When the E Street Band got back on the road in 2023, they hadn’t performed to large crowds in almost seven years. Many of them had not been in a room together since late 2019, when they recorded their album “Letter to You.” And while there’s plenty of pleasure to be found in watching the group shake off the dust in early rehearsals, it’s all building to what will really satisfy Bruce fans, new and old and just discovering their fandom: taking it out to the people.

But this is not just another concert documentary, and as Springsteen — who is also the film’s sole credited screenwriter and often guides us through by way of a familiar, gravelly voiceover — repeatedly tells us, this was not just another tour. That’s not just because of the timing of it or the very real concerns about how hard it is (physically, mentally, emotionally) to keep doing this night after night at age 73, even though that’s all there too, but because of the story Springsteen wanted to tell with the tour, down to every detail.

As the film lovingly explains, prior E Street Band shows — even the massive stadium ones — tended to be free-wheeling affairs, with an ever-changing set list, plenty of called audibles, even fan requests eventually deigned to “stump the band” with their deep cuts.
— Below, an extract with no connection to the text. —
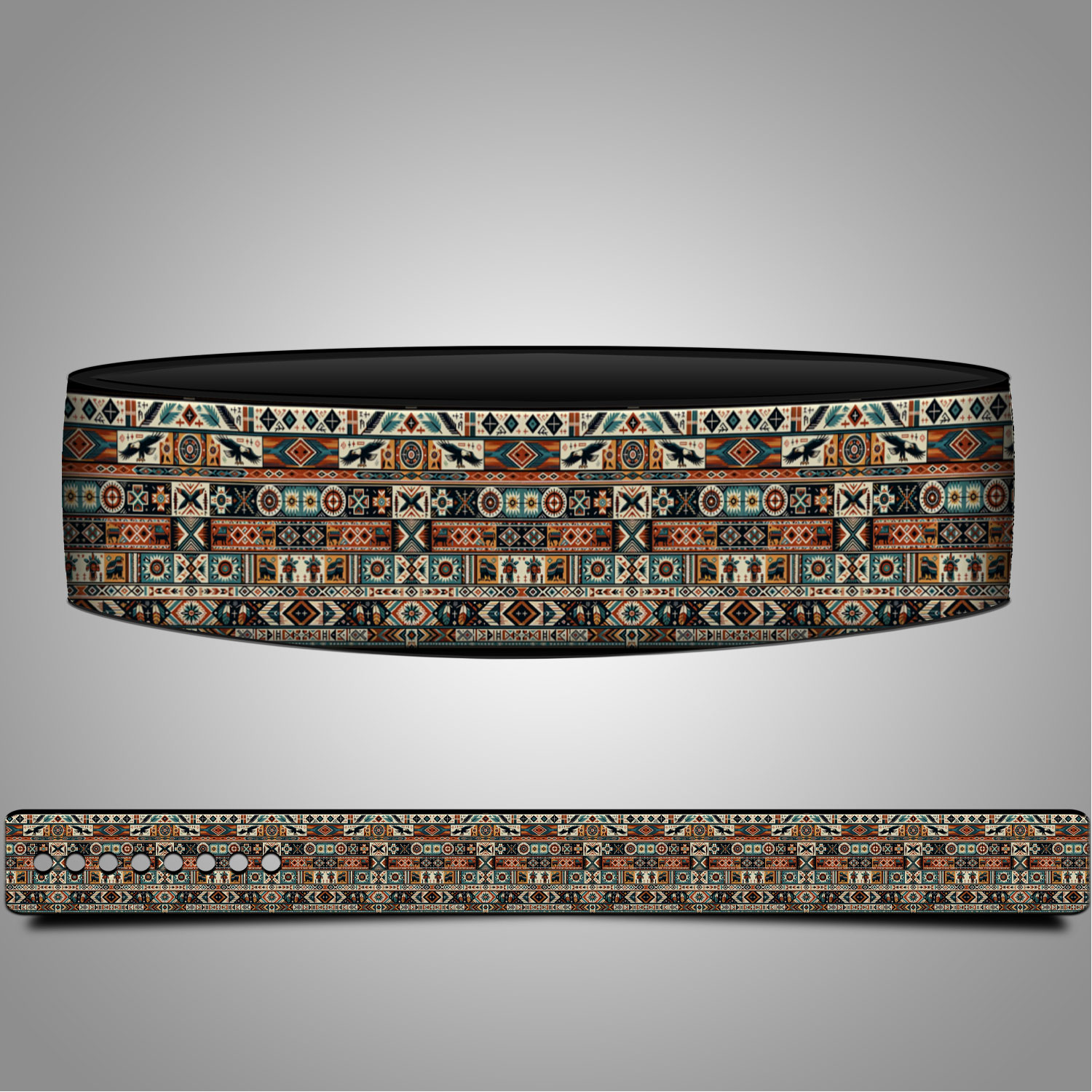 Two Native Power Lifting Belts displayed; each features intricate geometric patterns inspired by Native American designs in orange, turquoise, black, and beige. The top belt shows its black top, while the lower belt is fully extended to display the band’s colorful pattern.Native Power Lifting Belt

But for the 2023 – 2024 tour (yes, it’s still going on today; Springsteen and other members of the band jetted to Toronto for the film’s premiere on Sunday night after playing Washington D.C. the night before), Springsteen basically arrived at rehearsals with a prescribed set list. He didn’t want to mix it up, he wanted to tell a story.

For those who saw the tour (ahem, and sorry), the thrust of that story is clear: laced through with four songs from the intensely reflective “Letter to You,” the tour was about looking back at Bruce and the band’s earliest history, and contextualizing it through the gaze of classic hits (“Born to Run,” “Badlands,” “The Promised Land”). All of this, one talking head (Zimny has most of the band on rotation to chat, plus wonderful archival footage of dearly departed members Clarence Clemons and Danny Federici) explains, isn’t so much about being dour or sad, it’s about embracing a spirit of resistance and originality that has always marked their output.

While the structure of the doc can occasionally confuse, with Zimny weaving back and forth so much in time that it’s often not always clear what period of time people are really talking about, that might be a feature much more than a bug. That’s the story Bruce and the band are trying to tell: how much things have stayed the same, even as they’ve changed. It’s not the sexiest story, but it is the most true, and the one Springsteen seems most driven to share these days.

The best Springsteen songs sound as if they’ve pulled directly from his diary, and while this “Road Diary” might have a bit more polish and gloss, it’s more than worth the read and the ride.

Grade: B

“Road Diary” premiered at the 2024 Toronto International Film Festival. It will start streaming on Hulu and Disney+ on Friday, October 25.